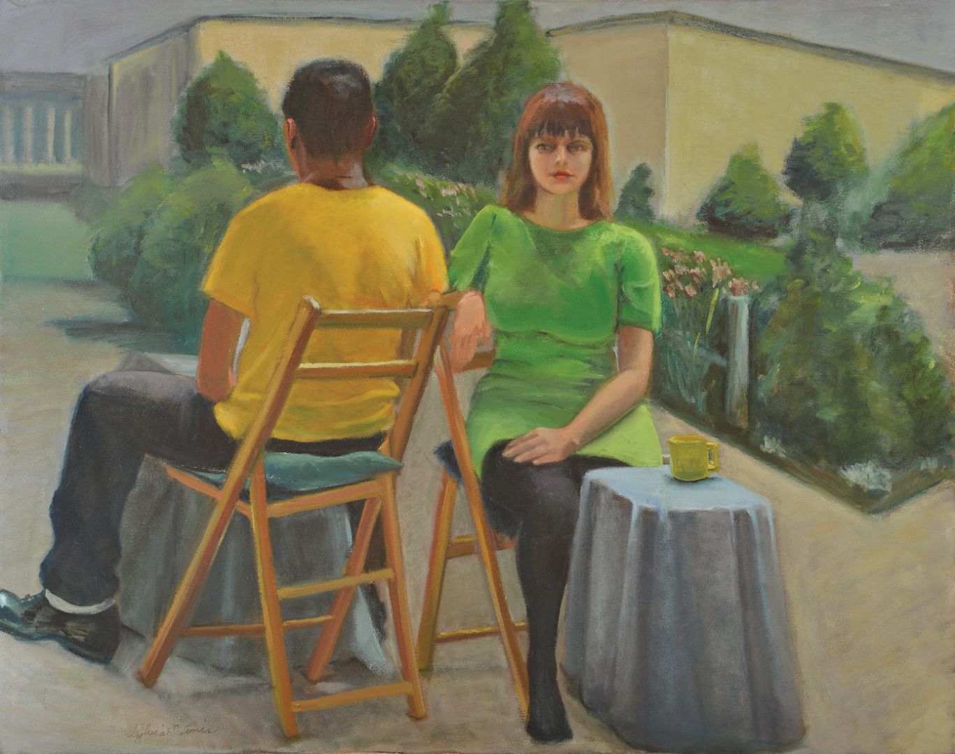 Measuring 28" x 22" this colorful work of friends back to back is intriguing. Circa 2000.
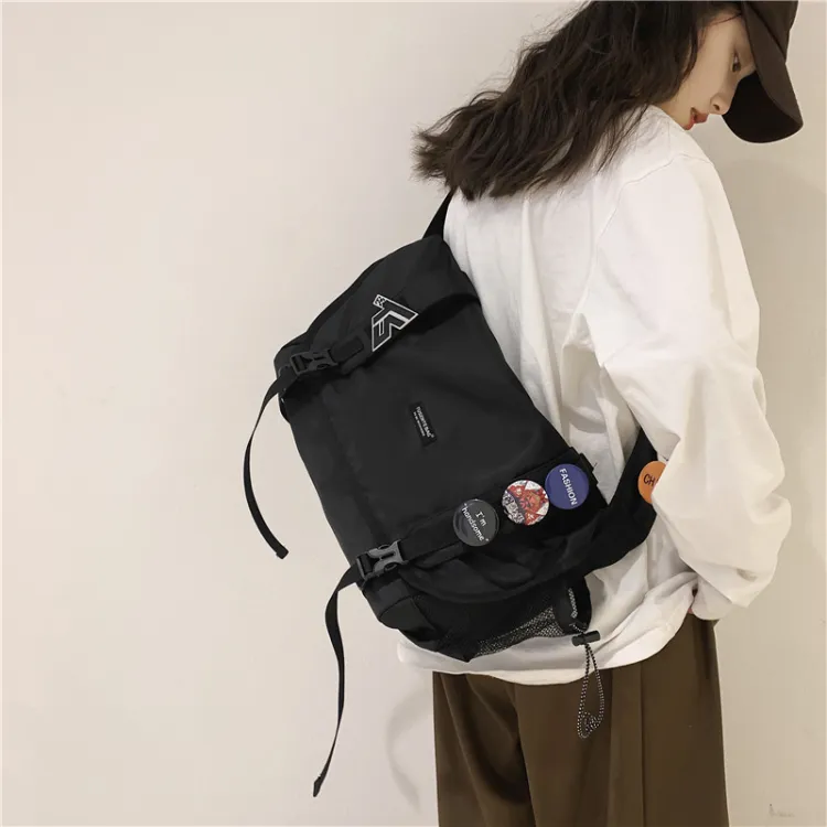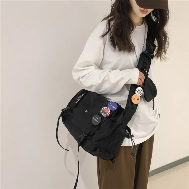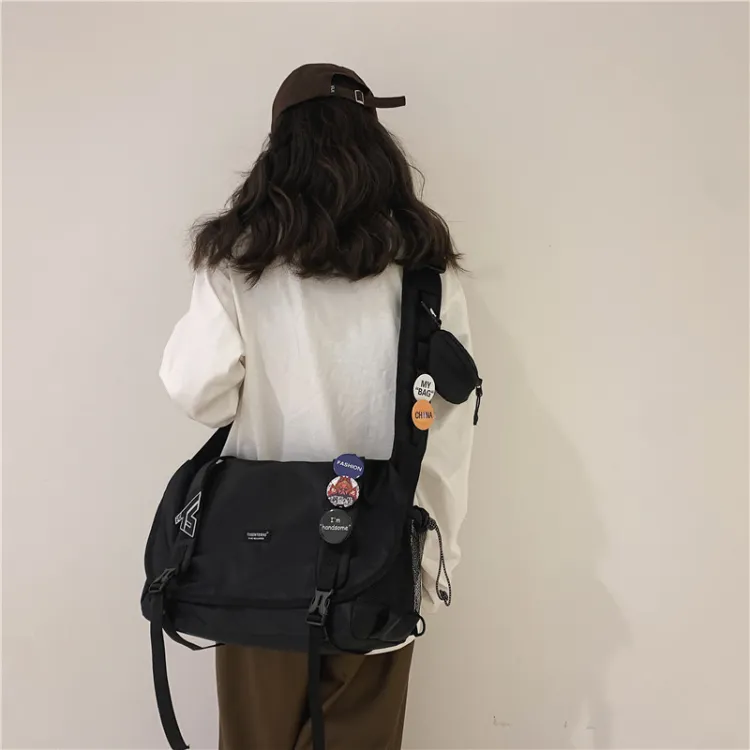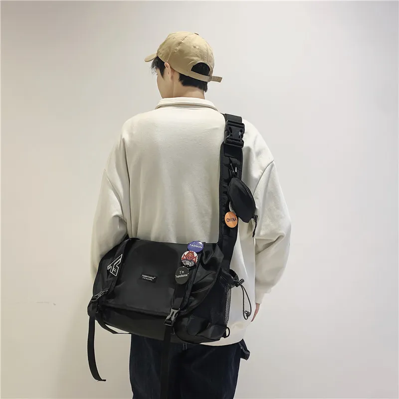 CHUNLONG Сумка через плечо Черная с брелоком и значком Унисекс
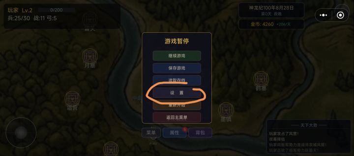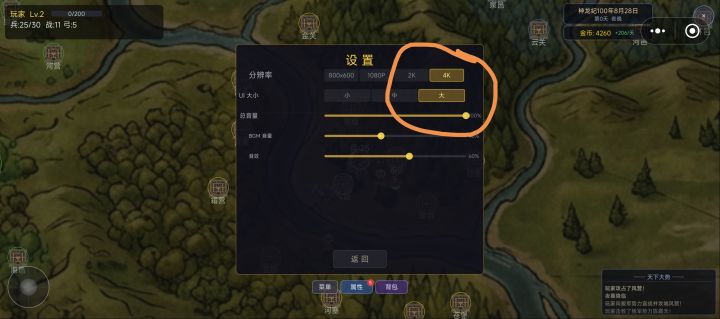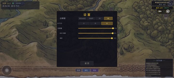 1、输入名字无法开始 答:输入完玩家名字还要按下软键盘回车 (这个已经改了,随后更新会解决这个反人类操作) 2、招募士兵时ui超出屏幕无法点击 答:按图改下分辨率就行 (重新做了招募的UI,下个版本将替换) 3、战败后武将无法攻击 答:因为武器都被敌军收缴了,需要去商店重新购置装备(这个暂时不想改)
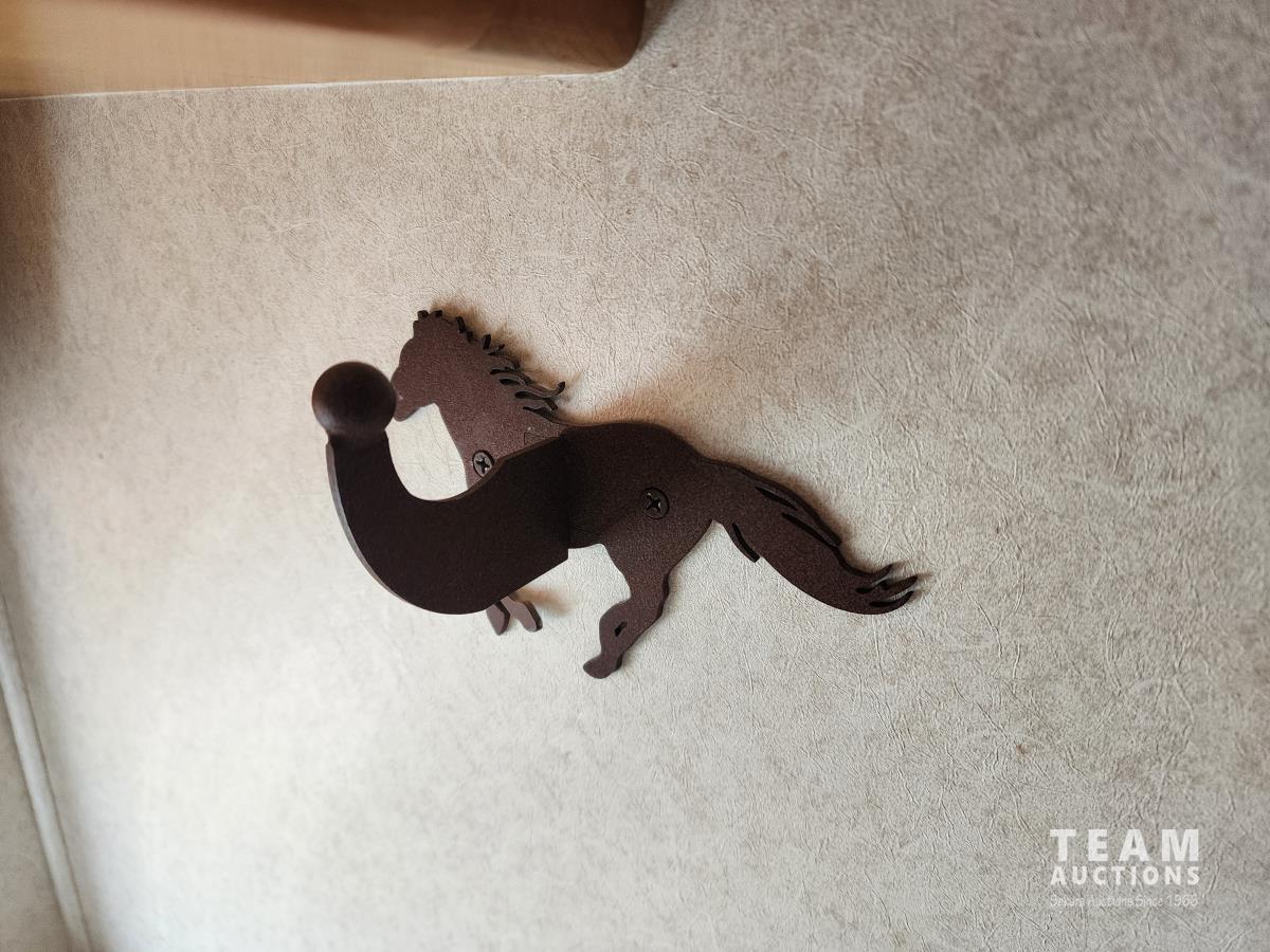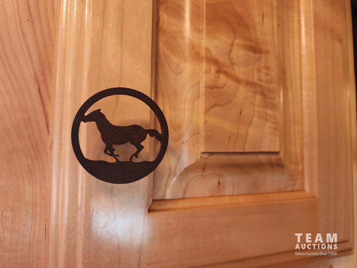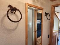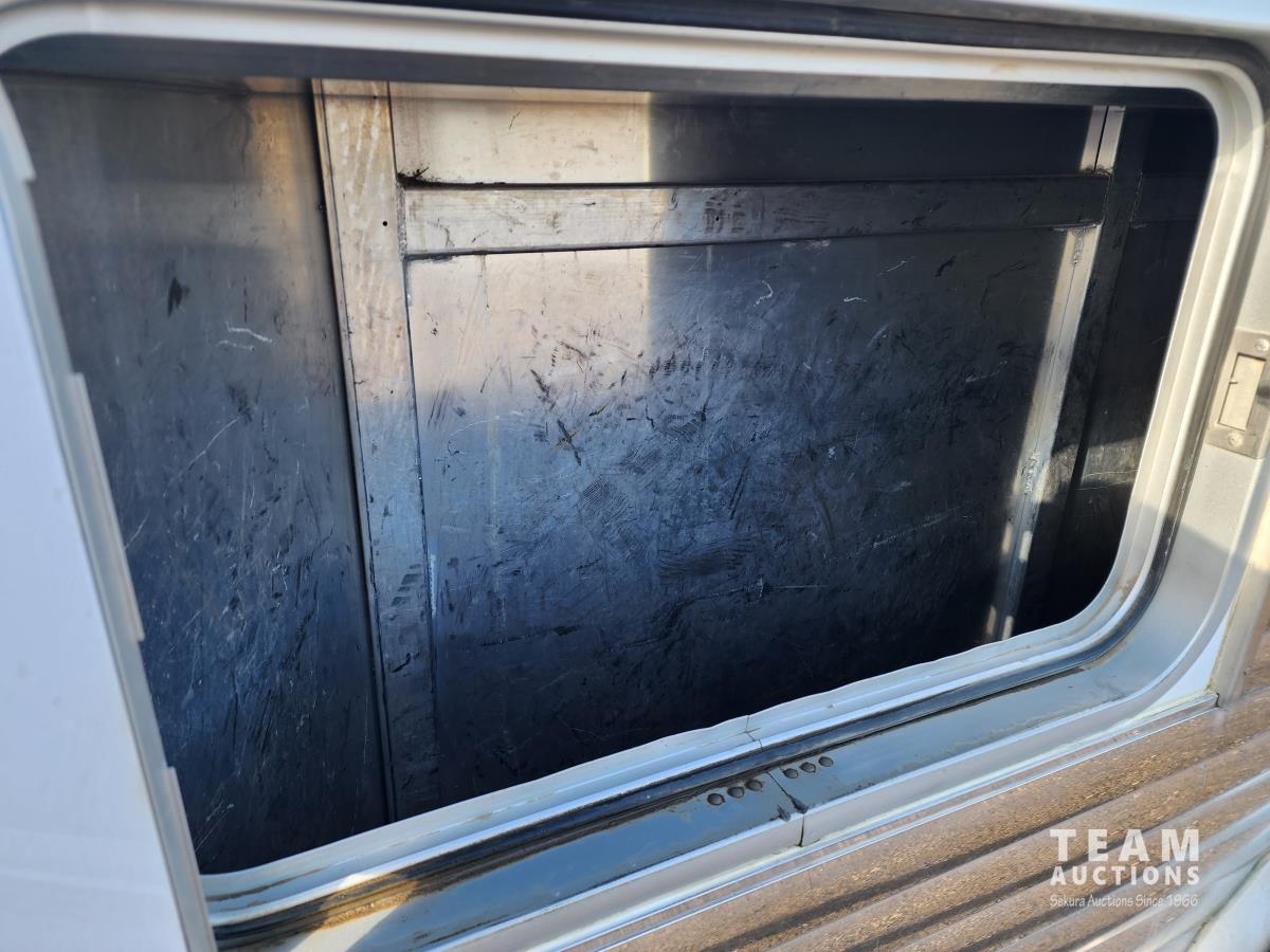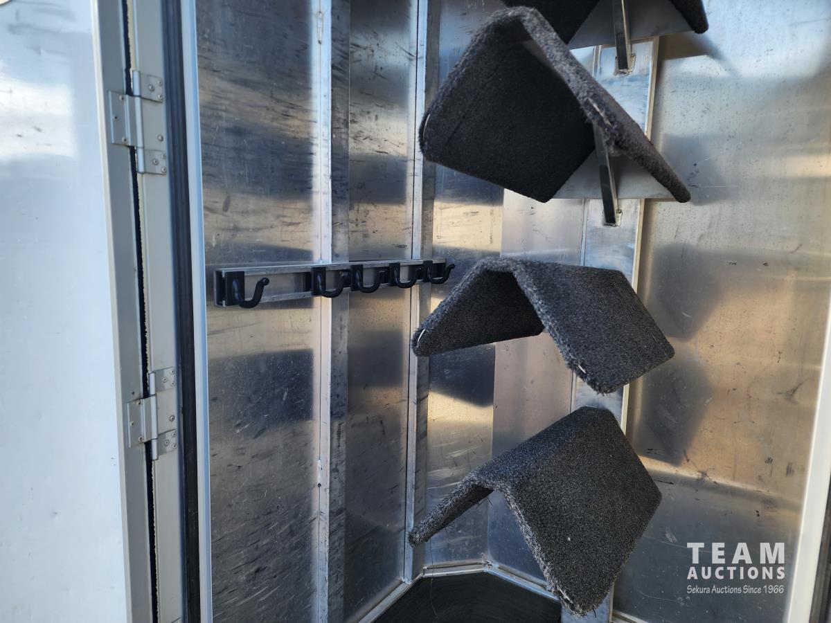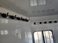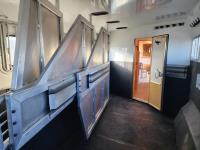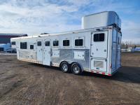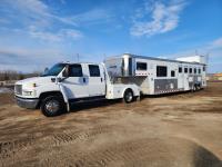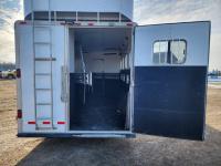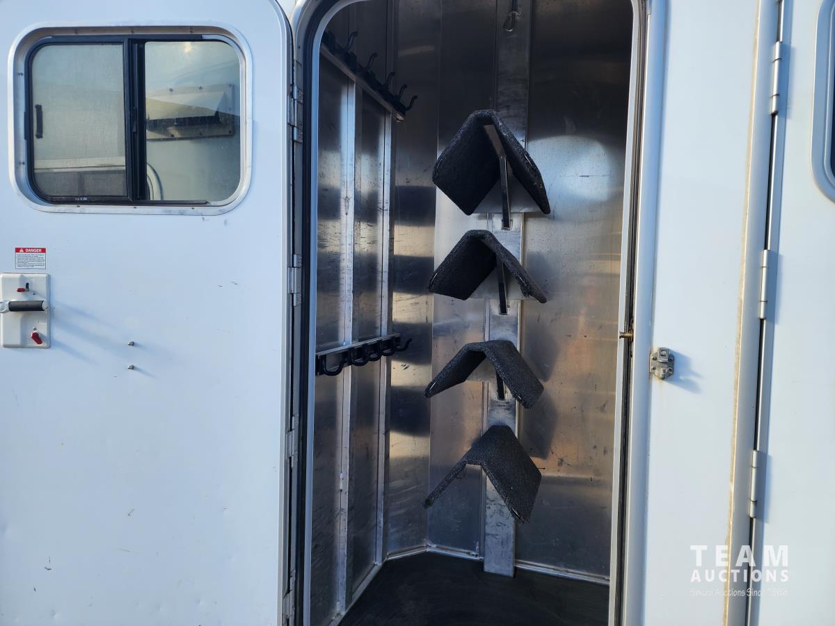Front living quarters include solid wood Duster interior, full fridge with freezer (propane/electric), stove, microwave, king size master area with privacy door and storage cabinets, full bathroom with shower, cupboards have interior lighting, decorative rope lights, sleeps 5, A/C, furnace, stereo with speakers inside and outside, electric awning, setup for 110 power or 3000 watt generator, electric landing gear, solar panel on roof, rear area includes, 4 horse stalls with dividers, feed bunks double as waterers, full floor rubber matting, drop down windows with bars, exterior LED lighting, hay pod on roof, (2) tack areas with saddle stands, spring suspension, 99 inch wide, spare tire, 235/85R16 tires

§ **Task to complete**
Would you output the lines above from the line holding "CHUNLONG Сумка через" up to and including the line holding "1、输入名字无法开始 答:输入完玩家名字还要按下软键盘回车 (这个已经改了,随后更新会解决这个反人类操作)", exactly and only those, with no pictures?

§ **Result of this task**
 CHUNLONG Сумка через плечо Черная с брелоком и значком Унисекс
 1、输入名字无法开始 答:输入完玩家名字还要按下软键盘回车 (这个已经改了,随后更新会解决这个反人类操作) 2、招募士兵时ui超出屏幕无法点击 答:按图改下分辨率就行 (重新做了招募的UI,下个版本将替换) 3、战败后武将无法攻击 答:因为武器都被敌军收缴了,需要去商店重新购置装备(这个暂时不想改)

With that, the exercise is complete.